Uranus And Neptune Might Have Deep Oceans, New Study Reveals

The interior makeup of our galaxy’s icy giants Uranus and Neptune has long been a cause for confusion among scientists. However, new findings from a study by Burkhard Militzer are now questioning previous beliefs about the makeup of our icy planets.

Details On The Possible Makeup Of Uranus and Neptune

Field readings collected from the NASA Voyager 2 back in the 1980s revealed that the icy giants both have disorganized magnetic fields. Following this reveal, various studies around the two planets have not been able to explain this phenomenon, up until the recently revealed findings from Militzer’s study.

Burkhard Militzer is a professor of Earth and planetary science at the University of California, Berkeley, and his study into Uranus and Neptune’s disorderly magnetic field reveals something interesting. According to his study, both planets display traits of a principle known as immiscibility, which is the inability of substances to mix.

The study which Militzer kicked off about 10 years ago is finally able to shed some light on the icy giants.

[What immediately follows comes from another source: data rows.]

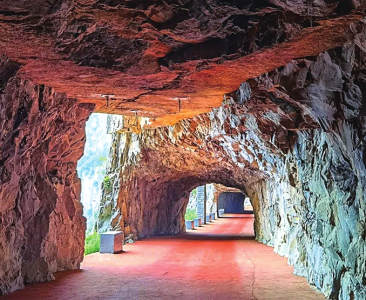 掛壁公路,顧名思義是“掛”在懸崖峭壁上的公路,它附著在石頭山體的外圍,像一條巨龍盤桓在山體上,穿行其中就像在巨龍的腹中馳騁。我國一共有七條掛壁公路,其全部位于南太行山脈,且彼此之間距離不甚遙遠,對于當?shù)卮笊骄用駚碚f是連通內(nèi)外的通道,但對于外人來說,不失為一條游覽太行美景的絕佳線路。
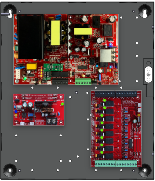 • 1 x C8P (8 Relay Lock Outputs) 2.5A Class 2 power limited outputs, programmable for failsafe/failsecure, FAI, NC/NO input, voltage or dry output per zone. Dual buss voltage selection by zone, OutSmart dual color LEDs
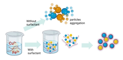 Several methods are used for the synthesis of copper ferrite, and these play an important factor to create physicochemical characters for furthermore determine the chemical activity of the material. The methods consist of the sol-gel, mechanochemical method, coprecipitation, microemulsion, hydrothermal method (HT), ultrasound-irradiation (US) and mechanochemical methods. The coprecipitation method is one of the most used methods for synthesis due to its simple and easiness. Additionally, the combination with HT, US or microwave irradiation were applied to intensity the crystallization and particles growth [5]. Similar to some other nanoparticles synthesis, synthesis routes control the physicochemical features of material, including optical properties [6]. In addition, surfactants influence the growth of nanoparticles.
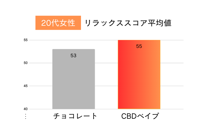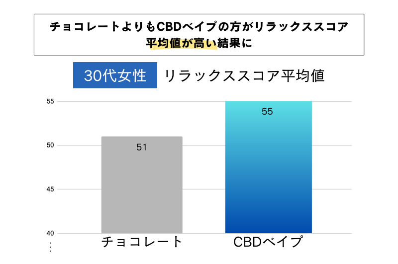 CBD40%濃度ベイプを使用した今回の検証では、チョコレートよりもCBDベイプのリラックススコアが総じて高いことがわかりました。
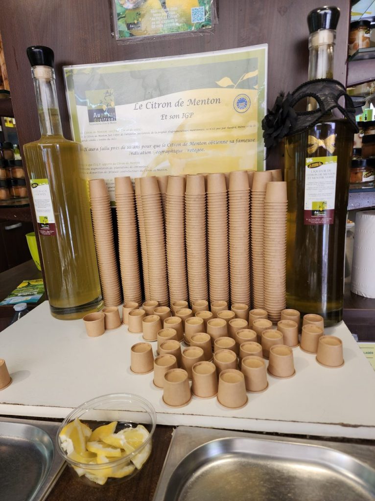 人気のショップ「Le Comptoir de Mathilde Menton」では、リモンチェッロの試飲はもちろん、量り売りのオリジナルカクテルがギフト用に人気なのだと。
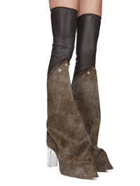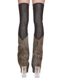 RICK OWENS FW25 CONCORDIANS RUNWAY TACO KISS IN WASHED INDIGO/CLEAR STRETCH LAMB LEATHER AND MELANGE UNSHAVED COW LEATHER THESE TACO KISS BOOTS ARE A DEFLATED VERSION OF OUR STRAYTUKAY COLLABORATION BOOTS. THEY ARE THIGH HIGH. THEY HAVE A TIGHT SOCK UPPER, JOINING TO A DIAGONAL SEAM LINE THAT SLOPES FROM MIDPOINT, OVER THE KNEE, DOWN TO THE CENTRE BACK CALF. THEY FEATURE A LEATHER UPPER THAT FLARES DOWN THE LOWER LEG, CURVING INTO THE BACK HEEL AND POINTING AT THE TOE. THEY HAVE A 12CM TRANSPARENT HEEL (4,5CM RISE) AND A THICK FRONT PLATFORM THIS IS A COMBINATION OF STRETCH LAMB LEATHER AND MELANGE UNSHAVED COW LEATHER THIS HEAVYWEIGHT LEATHER IS A HAIR-ON COWHIDE WITH NATURAL LENGTH COARSE HAIR THIS LEATHER IS TANNED IN THE VENETO AREA OF ITALY BY A TANNERY SPECIALIZED IN HAIR-ON COW LEATHER. BECAUSE THE HAIR IS NATURAL THERE CAN BE INCONSISTENCY IN THE LENGTH DIRECTION, TEXTURE AND COLOR THIS COLOR IS ACHIEVED BY BLEACHING THE NATURAL COW HAIR. VARIATIONS IN COLOR AND ESPECIALLY YELLOW SHADINGS CAN BE PRESENT DUE TO NATURAL URINE STAINS. THIS MEANS NO TWO PRODUCTS ARE EXACTLY ALIKE, GIVING EACH ITS INDIVIDUAL UNIQUENESS. THIS IS NOT TO BE CONSIDER DEFECT BUT IS THE VISUAL ASPECTS DESIRED SPECIFICALLY BY RICK OWENS THIS TANNERY IS LWG CERTIFIED WITH A SILVER RATING COLOR: WASHED INDIGO/CLEAR MATERIAL: UPPER PART 65% LAMB LEATHER + 34% COTTON + 1% SPANDEX LOWER PART 100% COW REAL FUR LINING 100% CALF LEATHERPLATFORM AT HEEL 12CM PLATFORM AT TOE 7,5CM RISE 4,5CM
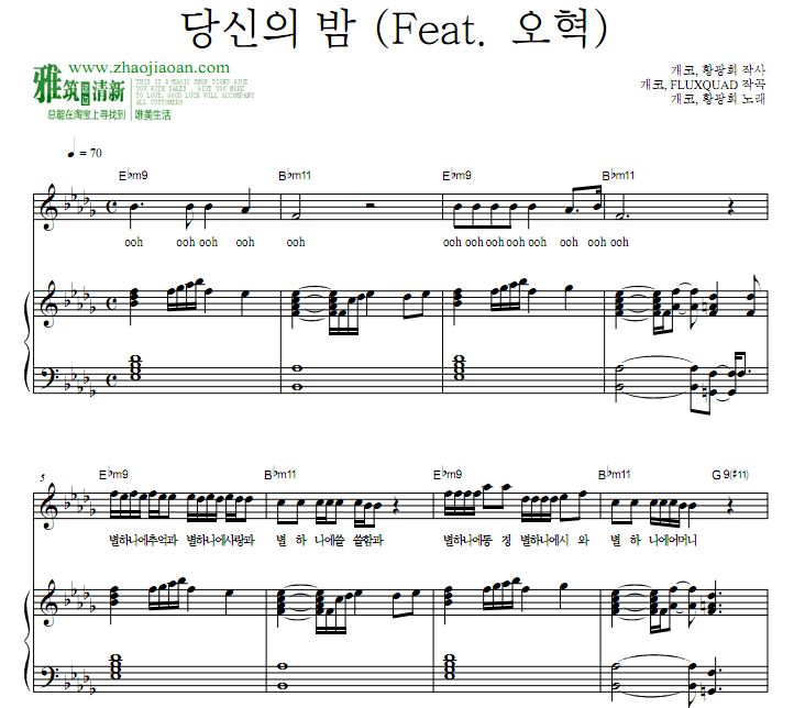 无限挑战 伟大的遗产 黄光熙& Gaeko(Feat.吴赫) 你的夜晚 / Your Night钢琴谱
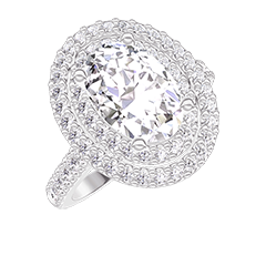 Ring Weißgold 375/-(9Kt) - Labordiamant Oval 1 Karat - Halo Labordiamant - Fassung Labordiamant
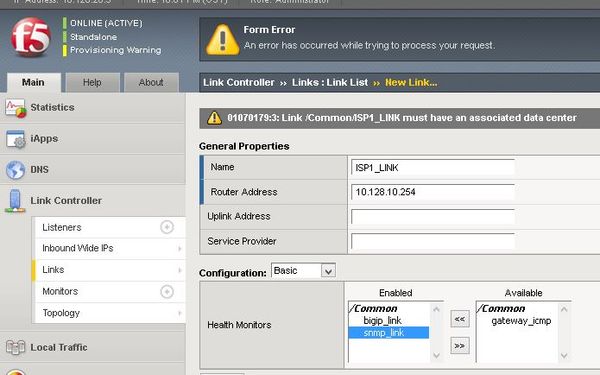 Right now i was able to test the outbound traffic on my Link Controller (Default GW pool= The two ISP links) My problem comes when, following the LC configuration guide v11 (page 27), i create the links but i get an error: first it says that the link must have an associated data center.
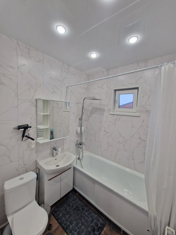 Территория 7 соток с парковкой на 3 машины полностью огорожена и находится в распоряжении гостей. В доме 5 изолированных комнат. Есть баня и банный чан с размещением на 6 человек.
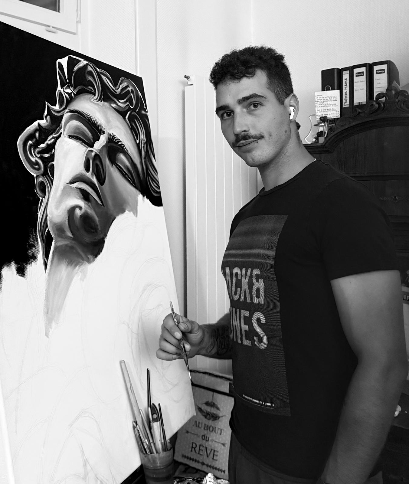 Depuis mon enfance, j’ai toujours été attiré par l’art. À l’école, je préférais dessiner plutôt qu’écouter mes professeurs, comme si créer faisait déjà partie de moi. Cette passion, je la dois aussi à mon grand-père, Jean-Paul Rapin, lui-même peintre, qui m’a transmis l’amour de l’art. Peindre, pour moi, ce n’est pas un simple passe-temps : c’est une évidence, une manière d’exister.

From his study, Militzer argues that elements present on icy planets like water (H₂O), methane (CH₄), and ammonia (NH₃) don’t mix.

Militizer says that on the icy planets, “the hydrogen-rich layer goes on top, and the heavier material stays below.” This results in the disorganized magnetic field readings from the NASA Voyager 2 about 40 years ago.

Under the 3000-mile thick atmosphere of Uranus is a 5000-mile layer of water-rich fluids which sits above a hydrocarbon-rich layer before reaching the planet’s rocky core. This is similar to the makeup of Neptune, except that its atmosphere is thinner, and its rocky core is larger than that of Uranus.

How Was This Finding Made?

To reach this conclusion on the makeup of Uranus and Neptune, Militizer put various computer models to use. The models simulate the conditions at pressures reaching 8000°F which is 3.4 million times Earth’s atmospheric pressure and temperature.

After expanding the simulation to 540 atoms from 100 atoms (used 10 years ago) Militizer was able to make some remarkable findings. With this expansion, Militizer said that after observing the model on a good day “the water had separated from the carbon and nitrogen.”

This spit reflected the behaviour of the icy planets in our solar system. With this finding, we get some insight into the odd magnetic fields of the icy giants.

While this finding sheds some light on Uranus and Neptune, there needs to be more work on the icy giants to help us better understand their formation. A space mission to one of the two icy planets will help support or contradict this finding from Militizer.